Au bout de près de trois ans, Ti Hi, qui ne savait pas du tout ce qui s'était arrivé, passa au village de Lieou Hiuan-che et fit un saut à sa demeure où il apprit que que son ami Hiuan-che était mort en état d'ébriété il y a trois ans. Surpris, il s'exclama: « Ciel! C'est mon vin qui en est la cause!»
Ti Hi raconta alors comment Lieou Hiuan-che avait insisté pour goûter de son «vin des mille jours», et compulsant le calendrier, il s'aperçut en effet que mille jours venaient de s'écouler depuis que Lieou Hiuan-che en avait bu. Il demanda à la famille Lieou de le conduire au tombeau de Hiuan-che. En y arrivant, de la vapeur s'en échappait. Ils se précipitèrent pour ouvrir le tombeau. Bientôt, Hiuan-che découvert reprit ses esprits et s'assis aussi vivant que jamais.
La famille était trop bouleversée pour prononcer une parole, mais Hiuan-che s'exclama: « Formidable! C'est formidable! Quel vin étonnant était-ce pour qu'un seul verre m'enivre à ce point? Quel jour sommes-nous donc?»
A ces paroles, tout le monde éclata de rire. Cependant, l'haleine de Hiuan-che était encore si forte qu'en l'inhalant, toute la famille tomba à terre dans une ivresse qui dura trois mois.
Parmi les vins chinois les plus connus il y a le mao-taï [茅臺], d'origine du Koueï-tcheou, le fen-tsieou [汾酒], du Chansi, le ta-kiu [大麯], du Sseut-chouan, et le chao-hing [紹興], du Tche-kiang. (Le Nu-eul hong et le Houa-tiao sont deux vins de riz de ce dernier.) (6) Quant à la catégorie de ces vins, le Livre des Vins, de la dynastie Song, affirme:
« Le vin d'une robe claire et d'un goût assez fort est bien entendu le meilleur et se nomme le «vin sublime)). Celui qui est doré et a tout son corps, mais d'une légère amertume, est de qualité juste inférieure au précédent et se nomme le «vin sage)). Celui qui est sombre et de goût acide est de toute dernière qualité et est appelé le «vin imbécile». »

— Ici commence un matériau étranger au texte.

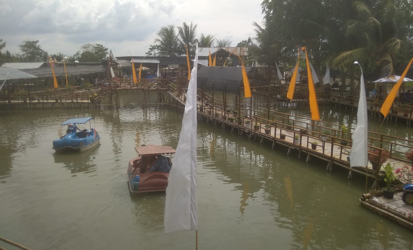 Selain bisa melihat pesawat terbang turun naik dari jarak dekat melalui pondok yang disediakan, para pengunjung bisa juga naik sampan angsa yang juga disediakan pengelola wisata. Ada juga kolam renang untuk anak-anak.
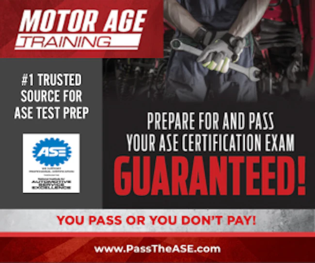 | | | | Sponsored | | | | Motor Age Training gives you the tools to succeed with ASE certification. From study guides and practice tests to video training, our resources are designed by ASE Master Technicians to cover today’s most relevant technologies and repair strategies. Build your confidence, sharpen your skills, and get exam ready. |

Il est évident que de tels critères ne peuvent pris comme modèle unique et en toute circonstance ni même être considéré comme une décision définitive quant à la saveur du vin chinois, mais ils nous donnent une idée de base. De toute façon, les vins de saveur acide sont toujours écartés comme étant de qualité médiocre.
Contrairement aux vins occidentaux qui sont généralement bus froid, les vins du terroir chinois sont normalement servis tièdes ou à la température ambiante. C'est essentiel pour en développer l'arôme et même préférable pour la santé puisque l'on déconseille la consommation de boissons alcoolisées froides.

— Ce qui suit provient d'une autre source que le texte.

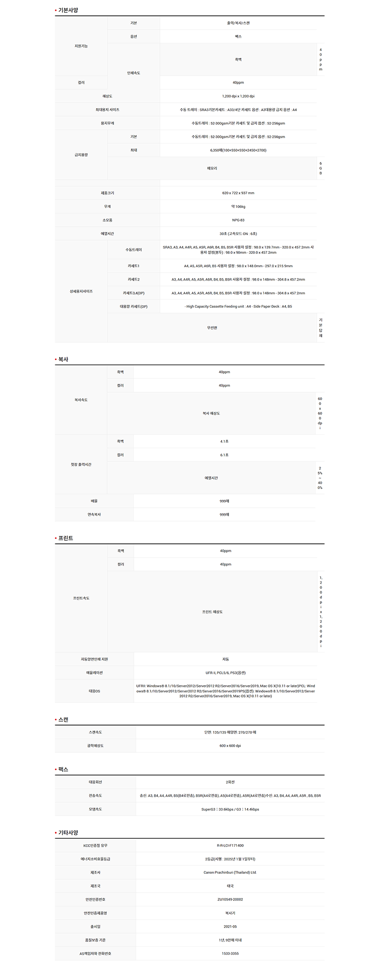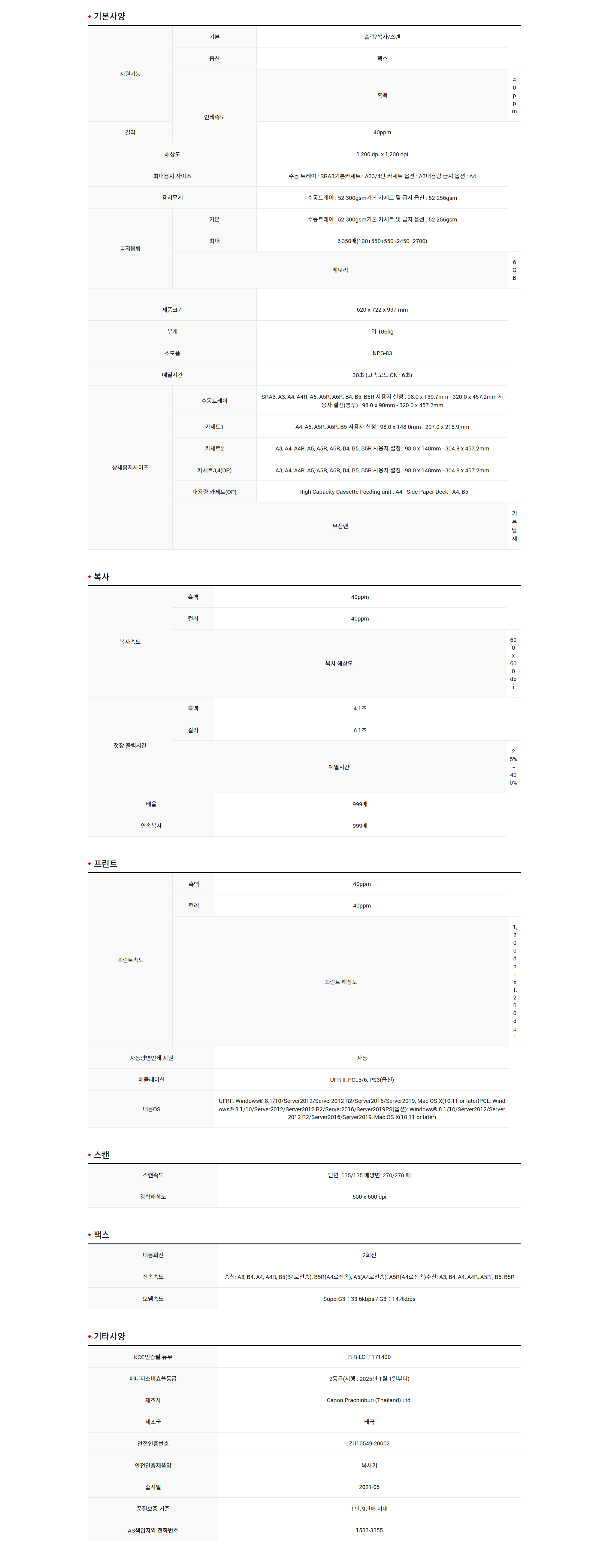 ·»Å»  ij³í IR C5840 º¹ÇձⷻŻ »ç¹«½Ç A3 Ä÷¯ º¹»ç±âÀÓ´ë 3³â¾àÁ¤

Le confucianisme a toujours exhorté la modération en tout dans le réglement des choses de la vie. Les différents points de vue des classiques de la médecine chinoise sur la question ont souvent été confirmés par des études analytiques modernes. La consommation modérée d'alcool est toute bénéfique à la santé alors que l'excès est la cause d 'une longue liste de désordres et malaises. En médecine chinoise traditionnelle, on a souvent utilisé le vin, ou l'alcool, pour la guérison de maux et dans la préparation de médicaments. Justement, l'idéo gramme yi [醫] (guérir; médicament) est classé sous la clef yeou [酉] (un alcool de millet préparé après les moissons le 8e mois lunaire [septembre-octobre]; c'est aussi le nombre dix du cycle duodécimal) .

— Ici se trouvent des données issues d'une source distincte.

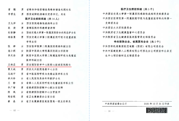 近期,中共陜西省委印發(fā)《關(guān)于表彰全省優(yōu)秀共產(chǎn)黨員和全省先進基層黨組織的決定》,對在抗擊新冠肺炎疫情中涌現(xiàn)出來的134名優(yōu)秀共產(chǎn)黨員和45個先進基層黨組織進行了表彰。西安國際醫(yī)學(xué)中心醫(yī)院心臟病醫(yī)院院長王海昌被評為“陜西省優(yōu)秀共產(chǎn)黨員”。
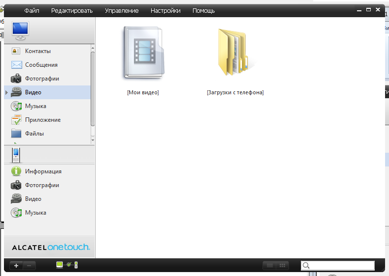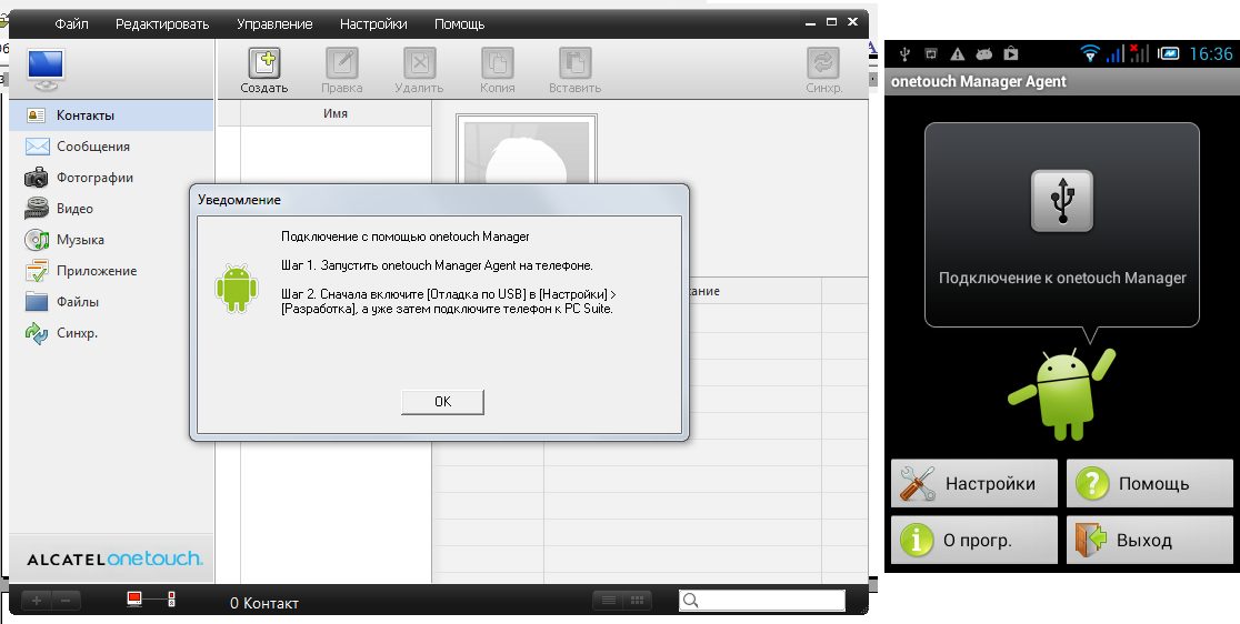 Основным средством сопряжения смартфонов Alcatel с компьютером является приложение One Touch Manager, для работы с которым на смартфоне установлена программа OneTouch Manager Agent. Кроме того, понадобится включить режим «Отладка по USB».

Le Compendium Materia Medica dit du vin : « Son goût est doux et âcre, sa nature chaude et toxique (beaucoup de potions médicinales l'étaient). Ces indications sont destinées à accroître le pouvoir médicinal par une absorption contrôlée, à combattre les influences néfastes, à activer la circulation du sang, à soigner l'appareil digestif, à redonner plus d'aplomb, etc. »
Mais presque tous les théoriciens de médecine chinois ont condamné la consommation excessive de l'alcool.
« L'excès d'alcool blesse l'appareil digestif, dissout la moelle osseuse et affaiblit les muscles. Il nuit aussi au cerveau et abrège Ia vie.»
Le plus vieux classique de médecine, Houang-ti neï king [皇帝內經] (ou le Traité interne de l'Empereur Jaune) fait aussi état de la grande diminution de la durée de la vie du fait de l'absorption immodérée d'alcool. Une fois de plus, cette idée corrobore les données scientifiques modernes qui démontrent que les plus grands œnophiles sont sujets à diverses affections comme l'ulcère ou le cancer de l'estomac, l'hypertension, les maladies de foie, etc.
Une autre observation intéressante de ce traité sur l'abus d'alcool: « Boire immodérément porte souvent le plus grand préjudice à la vie conjugale. » Si ce classique ne donne pas de raison particulière, les études modernes, elles, ont démontré que la trop grande absorption d'alcool porte atteinte aux cellules reproductrices et que les enfants ainsi conçus offrent des signes d'idiotie après la naissance.
Le poète T'ao Ts'ien (372-427) [陶潛], qui est peut-être le plus grand alcoolique chinois, avait eu cinq fils de ses deux épouses. Et malgré son intelligence remarquable pour les lettres, ses fils étaient tous idiots. Dans un poème, il indique qu'ils n'ont aucun goût pour les belles-lettres et qu'ils sont tout à fait stupides et paresseux. Après cette constatation, T'ao Ts'ien fit de plus grands efforts pour s'enivrer autant qu'il le pût. Il semble plutôt qu'il soit le seul à être blâmé. « Si le destin me donne des fils pareils, que puis-je faire, sinon de continuer à vider le fond d'une coupe? » s'exclamait T'ao Ts'ien.
Le phénomène social
L'importance du vin pourrait très bien, du moins ces derniers siècles, être un phénomène social en Chine plus considérable que dans les autres nations du monde. Dans toute réunion sociale entre amis chez soi ou dans un lieu public en Chine, les aliments sont inévitablement servis avec l'alcool.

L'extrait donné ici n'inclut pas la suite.